Resignation now: Wouldn’t be prudent

February 12th, 2015

5570587919_1bb635406c_bGovernor Kitzhaber’s apparent reversal of his decision to resign (as reported by the Willamette Week) doesn’t mean he won’t resign. It means he listened to wise counsel of his lawyer.

I suspect the Governor had simply had it with the accusations and stress on himself and his family. He likely feels he has done nothing that merits resignation, and that a unilateral resignation without agreements on limitation of civil or criminal liability would prove to everyone that he has nothing to fear from a full investigation. I further suspect that he felt that pre negotiating his departure under terms that would largely wrap up or cap further investigation would be seen by some as an admission of guilt.

Thus the decision to unilaterally resign.

His attorney likely advised his that actual guilt is not the only issue. That without an agreement to limit or terminate investigations, he would face months of investigation anyway.
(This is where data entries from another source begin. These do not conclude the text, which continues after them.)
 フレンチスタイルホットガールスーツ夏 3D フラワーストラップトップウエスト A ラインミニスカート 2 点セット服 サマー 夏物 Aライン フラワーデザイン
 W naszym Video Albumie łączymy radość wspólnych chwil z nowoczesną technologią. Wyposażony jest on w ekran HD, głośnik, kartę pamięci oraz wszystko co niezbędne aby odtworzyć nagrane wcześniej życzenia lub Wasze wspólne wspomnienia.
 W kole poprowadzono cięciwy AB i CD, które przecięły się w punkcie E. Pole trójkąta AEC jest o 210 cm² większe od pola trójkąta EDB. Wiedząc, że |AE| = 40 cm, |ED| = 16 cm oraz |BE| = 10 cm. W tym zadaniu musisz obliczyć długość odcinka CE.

It would cost him hundreds of thousands of dollars in attorney fees. And frankly, even if the Governor has no criminal culpability, there’s no guarantee that a prosecutor wouldn’t see this as a ticket to higher office, or simply a way to cover their own rear, and present a stilted view of what happened to a grand jury, where he and Ms. Hayes would have no right to defend themselves.
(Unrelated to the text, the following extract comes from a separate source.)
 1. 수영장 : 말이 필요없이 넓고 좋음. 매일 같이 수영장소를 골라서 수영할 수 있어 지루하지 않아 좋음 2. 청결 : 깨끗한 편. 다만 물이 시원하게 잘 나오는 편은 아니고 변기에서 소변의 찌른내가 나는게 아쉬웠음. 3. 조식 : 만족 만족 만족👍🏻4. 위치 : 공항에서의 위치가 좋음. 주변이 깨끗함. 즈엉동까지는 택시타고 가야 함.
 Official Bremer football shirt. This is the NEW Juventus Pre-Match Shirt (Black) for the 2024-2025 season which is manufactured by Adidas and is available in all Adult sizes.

If I were his attorney, I’d have advised that it would be easier and less expensive to fight such an investigation as the Governor, and easier to raise money for a defense fund. Governors still have power to influence and lead and even when crippled, are powerful people. Ex Governors have no power and far fewer friends willing to step up and help financially. I’d furher advise him that refusing to resign now didn’t mean he couldn’t change his mind later. After some negotiation on terms.

And of course the wild card here is this. While the Governor may have done nothing more than unwisely capitulated to the will of Ms. Hayes, he may not have known of the worst, possibly criminal, acts she engaged in. So while the Governors worst case scenario may be ethical violations, violations that as a former Governor he may care little about, Ms. Hayes may face criminal charges. She has very little leverage to negotiate a mitigation  those accusations and charges once the Governor resigns.

This is an ongoing process. The Governor has shown the desire to be rid of the mess he helped create by resigning. But he is wise to engage in a process that caps his exposure in penalties and costs. And frankly, it’s probably best for the State if the powers that be go along with some form of finalization of this process as well that mitigates penalties on the Governor and Ms. Hayes. His departure from office under the current condition is a significant penalty for the Governor, and continued investigation is costly and diverts our attention from more important issues.

If Oregonians can applaud the return of Rasheed Wallace to Portland, we should be able to allow Governor Kitzhaber, who has some significant achievements during his decades in public service, to transition to private life with a modicum of respect.